The word "Ojeda" appears in some lines of the records below; state how many lines, and nothing else.

*SUPPLIED ENTRIES*

╔══

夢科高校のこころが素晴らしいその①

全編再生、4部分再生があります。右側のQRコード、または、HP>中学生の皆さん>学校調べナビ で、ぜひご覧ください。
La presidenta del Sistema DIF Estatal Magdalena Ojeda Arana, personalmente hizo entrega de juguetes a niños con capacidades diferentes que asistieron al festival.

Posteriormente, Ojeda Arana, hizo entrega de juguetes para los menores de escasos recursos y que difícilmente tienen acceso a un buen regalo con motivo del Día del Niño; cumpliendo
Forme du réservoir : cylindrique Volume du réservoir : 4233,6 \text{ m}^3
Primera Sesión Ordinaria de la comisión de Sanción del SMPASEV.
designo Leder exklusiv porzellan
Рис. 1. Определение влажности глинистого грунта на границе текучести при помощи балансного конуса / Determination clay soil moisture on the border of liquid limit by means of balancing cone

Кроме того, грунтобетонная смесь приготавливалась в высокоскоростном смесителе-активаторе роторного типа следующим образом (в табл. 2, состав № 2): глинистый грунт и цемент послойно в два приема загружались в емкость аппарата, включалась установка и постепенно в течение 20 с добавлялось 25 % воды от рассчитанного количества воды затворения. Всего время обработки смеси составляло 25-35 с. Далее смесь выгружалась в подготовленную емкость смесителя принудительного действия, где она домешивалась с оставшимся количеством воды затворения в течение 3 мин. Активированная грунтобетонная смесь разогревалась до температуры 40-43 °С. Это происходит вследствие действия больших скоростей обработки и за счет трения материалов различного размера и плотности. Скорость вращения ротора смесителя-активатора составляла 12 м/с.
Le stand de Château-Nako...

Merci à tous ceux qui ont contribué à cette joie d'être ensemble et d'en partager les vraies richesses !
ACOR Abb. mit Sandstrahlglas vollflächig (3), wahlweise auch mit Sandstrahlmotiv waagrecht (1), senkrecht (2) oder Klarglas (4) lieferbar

╚══
╔══

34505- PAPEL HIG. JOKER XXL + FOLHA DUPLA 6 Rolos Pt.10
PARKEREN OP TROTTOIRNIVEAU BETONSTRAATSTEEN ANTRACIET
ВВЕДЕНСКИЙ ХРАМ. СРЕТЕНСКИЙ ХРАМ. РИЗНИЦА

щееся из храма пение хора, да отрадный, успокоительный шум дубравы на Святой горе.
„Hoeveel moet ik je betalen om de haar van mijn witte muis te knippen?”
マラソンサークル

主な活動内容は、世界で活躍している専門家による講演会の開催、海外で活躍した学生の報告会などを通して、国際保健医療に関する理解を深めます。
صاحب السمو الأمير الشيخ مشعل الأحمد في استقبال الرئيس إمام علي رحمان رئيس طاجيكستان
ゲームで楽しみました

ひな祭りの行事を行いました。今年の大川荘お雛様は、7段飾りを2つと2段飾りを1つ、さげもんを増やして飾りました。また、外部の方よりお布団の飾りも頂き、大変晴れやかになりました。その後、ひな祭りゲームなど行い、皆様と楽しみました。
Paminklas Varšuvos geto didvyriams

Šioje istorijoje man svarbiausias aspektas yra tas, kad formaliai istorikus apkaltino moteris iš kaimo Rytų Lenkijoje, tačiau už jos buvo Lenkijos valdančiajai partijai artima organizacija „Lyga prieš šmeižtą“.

╚══

*YOUR SOLUTION*
2